Operation Sharpshooter cyber espionage campaign linked with North Korea - McAfee

North Korea-linked campaign more extensive in complexity and scope than previously thought

Security researchers at McAfee have claimed that the Operation Sharpshooter cyber espionage campaign, first exposed in December last year, is likely the work of a North Korean APT hacking group.

McAfee's Advanced Threat Research team arrived at the conclusion after thoroughly analysing the code and data from a vital command-and-control (C2) server, which was handed to the researchers by a government law enforcement agency.

The researchers also found that the Operation Sharpshooter campaign was "more extensive in complexity, scope and duration of operations" than previously thought.

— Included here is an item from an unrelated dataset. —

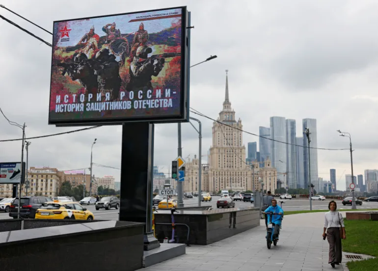2025年8月11日,莫斯科的人們走過一面支持俄羅斯軍隊的橫幅——上面寫著:「俄羅斯的歷史是保衛祖國者的歷史」 (路透社)

Operation Sharpshooter was first disclosed by McAfee Advanced Threat Research. At that time, McAfee team found that hackers penetrated the networks of defence and infrastructure entities using a primary in-memory implant which enabled them to download a backdoor, called 'Rising Sun'.

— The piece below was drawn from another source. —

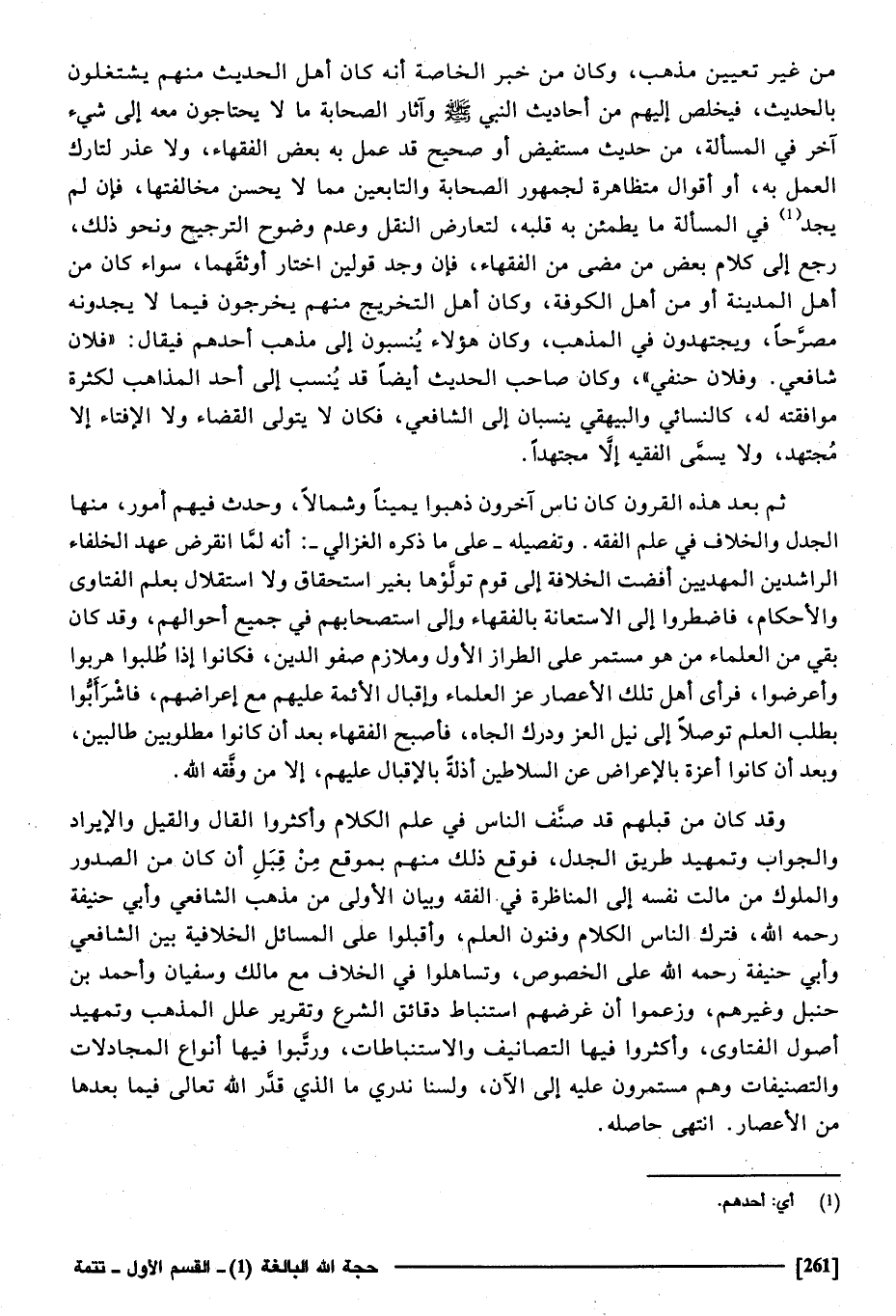 الأولى من مَذْهَب الشَّافِعِي وَأبي حنيفَة رَحمَه الله، فَترك النَّاس الْكَلَام وفنون الْعلم، وَأَقْبلُوا على الْمسَائِل الخلافية بَين الشَّافِعِي وَأبي حنيفَة رَحمَه الله على الْخُصُوص، وتساهلوا فِي الْخلاف مَعَ مَالك وسُفْيَان وَأحمد بن حَنْبَل وَغَيرهم، وَزَعَمُوا أَن غرضهم استنباط دقائق الشَّرْع وَتَقْدِير علل الْمَذْهَب وتمهيد أصُول الْفَتَاوَى، وَأَكْثرُوا فِيهَا التصانيف والاستنباطات، ورتبوا فِيهَا أَنْوَاع المجادلات والتصنيفات وهم مستمرون عَلَيْهِ إِلَى الْآن لسنا نَدْرِي مَا الَّذِي قدر الله تَعَالَى فِيمَا بعْدهَا من الْأَعْصَار انْتهى حَاصله.

Security experts identified campaign's malware in more than 85 organisations worldwide, mostly based in the US, Israel, Switzerland, and some European countries.

The researchers also found that the code of 'Rising Sun' was similar to the code from 2015 backdoor Trojan Duuzer, which was used by North Korean Lazarus Group to breach networks of Sony Pictures Entertainment. However, the researchers didn't immediately attribute the campaign to North Korean hackers due to likelihood of false flags.

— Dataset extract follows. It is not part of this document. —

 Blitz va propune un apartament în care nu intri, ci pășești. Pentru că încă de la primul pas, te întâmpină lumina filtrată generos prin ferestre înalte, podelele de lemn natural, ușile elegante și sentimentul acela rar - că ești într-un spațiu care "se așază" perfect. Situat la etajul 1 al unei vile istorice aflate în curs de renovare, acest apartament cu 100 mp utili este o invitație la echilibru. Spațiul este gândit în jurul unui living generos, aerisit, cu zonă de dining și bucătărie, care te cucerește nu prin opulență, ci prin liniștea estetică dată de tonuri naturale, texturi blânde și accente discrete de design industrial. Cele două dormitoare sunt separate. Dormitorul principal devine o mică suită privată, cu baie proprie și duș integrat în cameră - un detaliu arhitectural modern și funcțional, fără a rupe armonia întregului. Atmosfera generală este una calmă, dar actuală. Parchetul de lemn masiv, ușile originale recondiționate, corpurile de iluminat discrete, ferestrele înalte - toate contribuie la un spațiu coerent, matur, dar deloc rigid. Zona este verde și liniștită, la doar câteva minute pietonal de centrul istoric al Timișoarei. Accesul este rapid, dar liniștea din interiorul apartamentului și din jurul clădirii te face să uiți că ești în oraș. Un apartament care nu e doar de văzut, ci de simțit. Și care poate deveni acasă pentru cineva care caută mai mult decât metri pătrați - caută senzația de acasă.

Lazarus Group, which is also referred to by the name Hidden Cobra, is linked with the 2016 SWIFT Banking attack and the 2017 WannaCry ransomware attack.

McAfee's latest analysis reveals that Operation Sharpshooter started in September 2017. More recently, attacker launched several C2 campaigns to target financial, nuclear, defence, telecom and energy firms based in the US, UK, Germany and Turkey.

According to McAfee, the core backend of C2's infrastructure is written in PHP and ASP and appears to be unique to the group.

Interestingly, the researchers also uncovered Operation Sharpshooter's African connection by tracing IP addresses in the server logs back to Windhoek city in Namibia. The team believes hackers likely tested their tools first in Africa before attacking organisations globally.

"Access to the adversary's command-and-control server code is a rare opportunity," said Christiaan Beek, lead scientist at McAfee.

"The insights gained through access to this code are indispensable in the effort to understand and combat today's most prominent and sophisticated cyber-attack campaigns," he added.